Несмотря на суматоху, вызванную неожиданным появлением неприятеля, эннейцы быстро выстроились в боевой порядок.
Тициний, проезжая вдоль фронта верхом на коне, обращался к воинам со словами ободрения.
– Доблестные граждане Энны! Этот сброд ничего не смыслит в военном деле! – выкрикивал он. – Близится ночь. Скоро совсем стемнеет. Поэтому стойте на месте и разите своими копьями этих варваров, если они осмелятся напасть на вас. Только безумцы ищут сражения в темноте ночи. Если они нападут – тем хуже для них. Помните, что это всего лишь вооруженная чем попало толпа. Очень скоро все они разбегутся под вашими ударами. Сегодня у нас не будет времени их преследовать, а завтра на рассвете к нам на помощь придет претор из Гераклеи и нападет на мятежников с тыла.
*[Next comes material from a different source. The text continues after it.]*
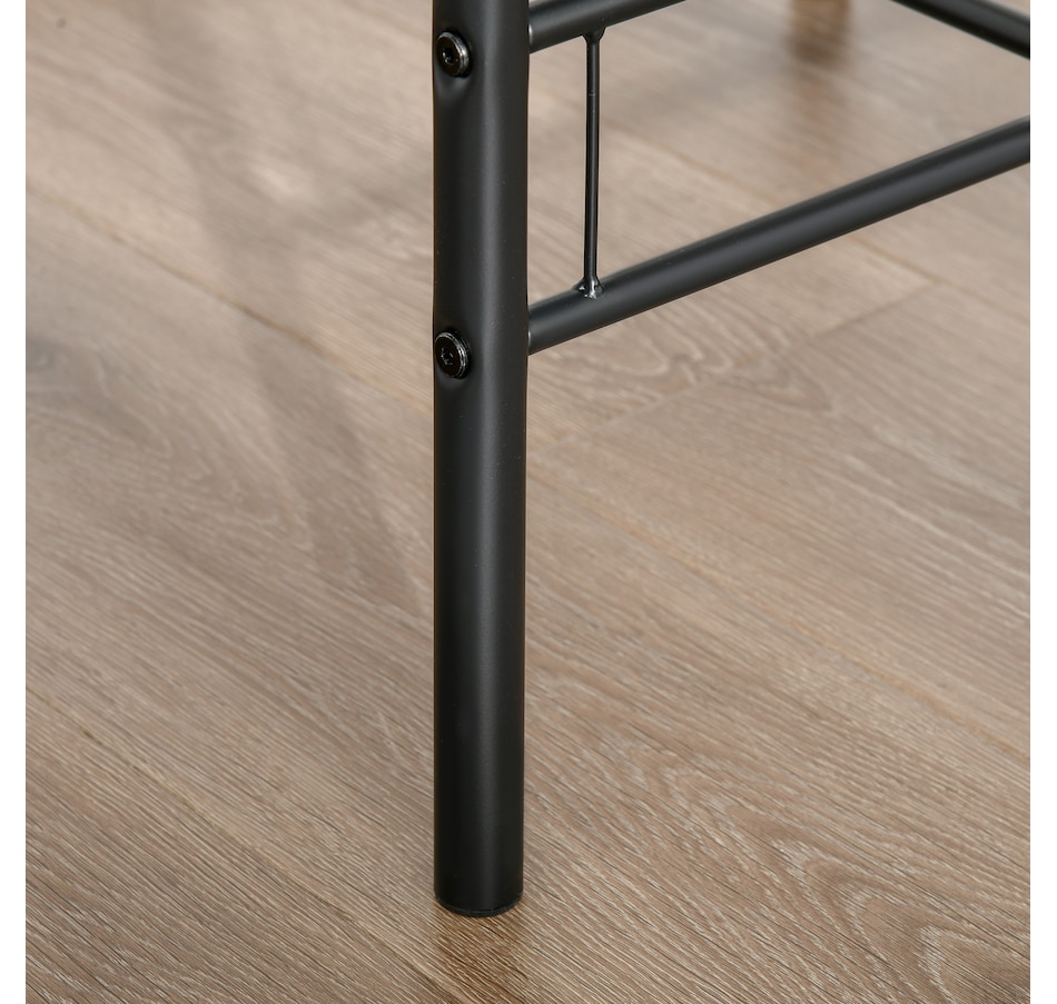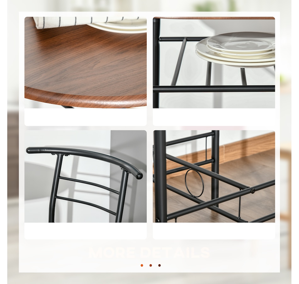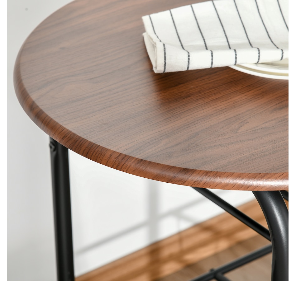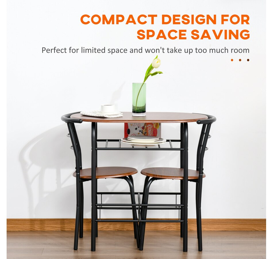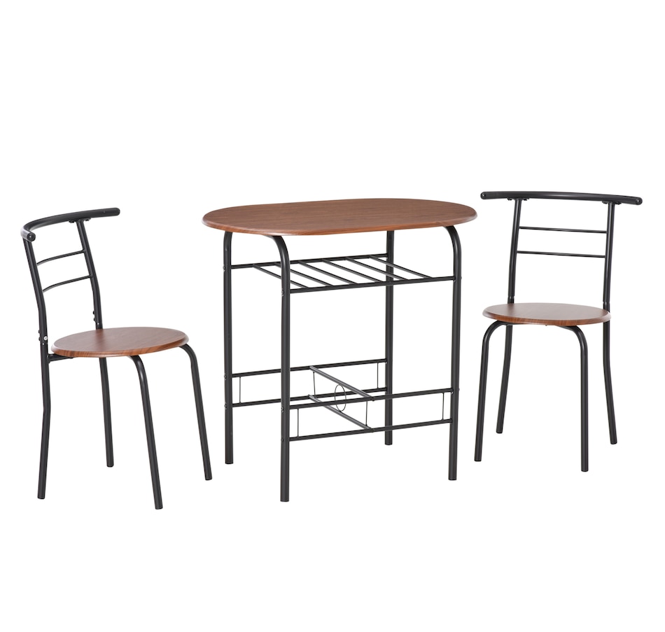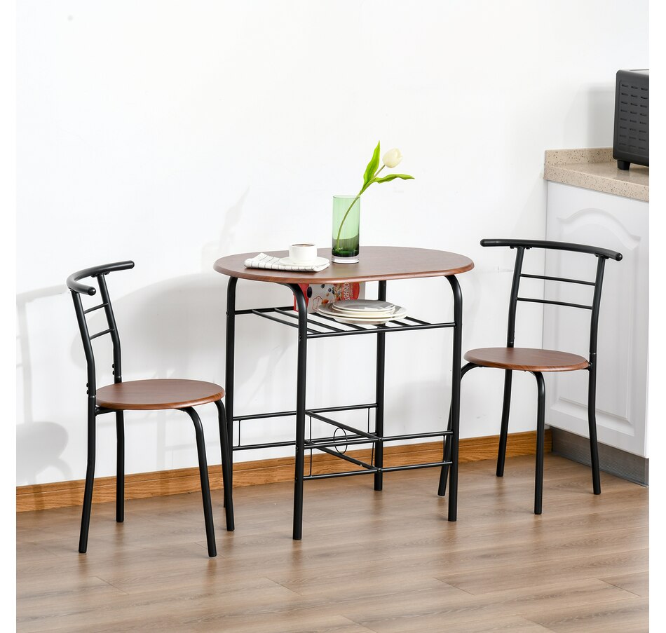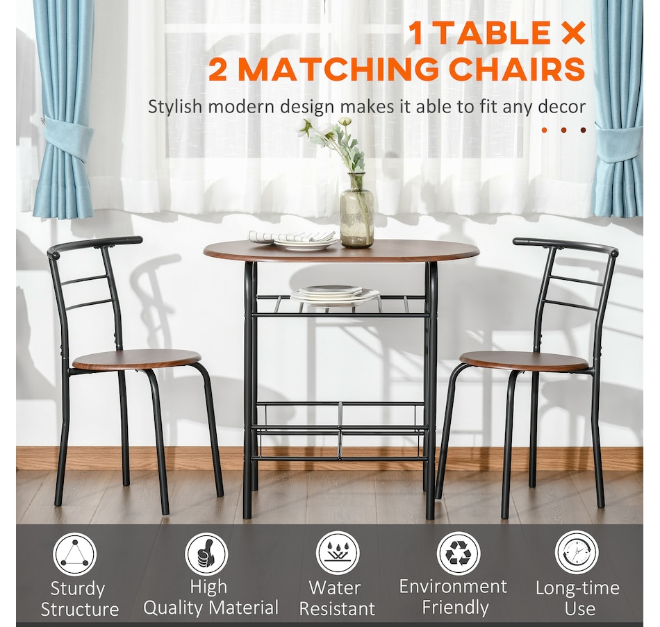 Transform your dining experience with the HOMCOM 3-Piece Kitchen Table Set, a sleek ensemble that includes a table and two chairs. Its wood-effect top and industrial vibe complement any modern home. Tuck the chairs under to save space and keep essentials handy with the integrated shelf—great for meals, work, or a cosy chat in any snug space.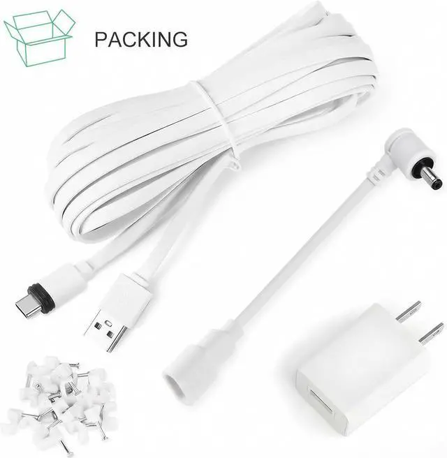 LONG & FLAT CABLE - 25 ft/ 7.5 m long cable makes it possible to connect it to the outlet inside or outside your house. Flat cable can pass through windows or doors without any difficulty to charge your camera.

Тогда и мы перейдем в наступление…
Чтобы придать больше мужества и уверенности своим солдатам, Марк Тициний на виду у всех слез с коня и велел подать ему щит.
Тем временем мятежники продолжали наступать, и крики их становились все явственнее. Строй их был изломан по фронту, что свидетельствовало о недостаточной выучке бойцов, но они превосходили эннейцев численностью и к тому же многие из них вооружены были отнюдь не «чем попало», а настоящими копьями, саррисами и щитами. Это сразу вызвало беспокойство у эннейских гоплитов. Тем не менее, они отвечали врагу стуком копий о щиты и громким боевым кличем, возбуждая в себе мужество. И прежде чем противники сошлись, над речной долиной стоял сплошной гул от криков и грохота оружия.
Фаланга эннейцев, ощетинившись копьями и не двигаясь с места, как ей было приказано, ожидала нападения врага на склоне холма. Надо отдать должное опытности Марка Тициния, позицию он занял превосходную.
Грозная лавина повстанцев, достигнув подножия холма, поползла вверх по его склону и вскоре сошлась с изготовившейся к бою фалангой. Раздался вопль многих сотен голосов, гулким эхом прокатившийся по окрестностям. Копья и саррисы вонзались в щиты, из общего шума прорывались пронзительные крики раненых.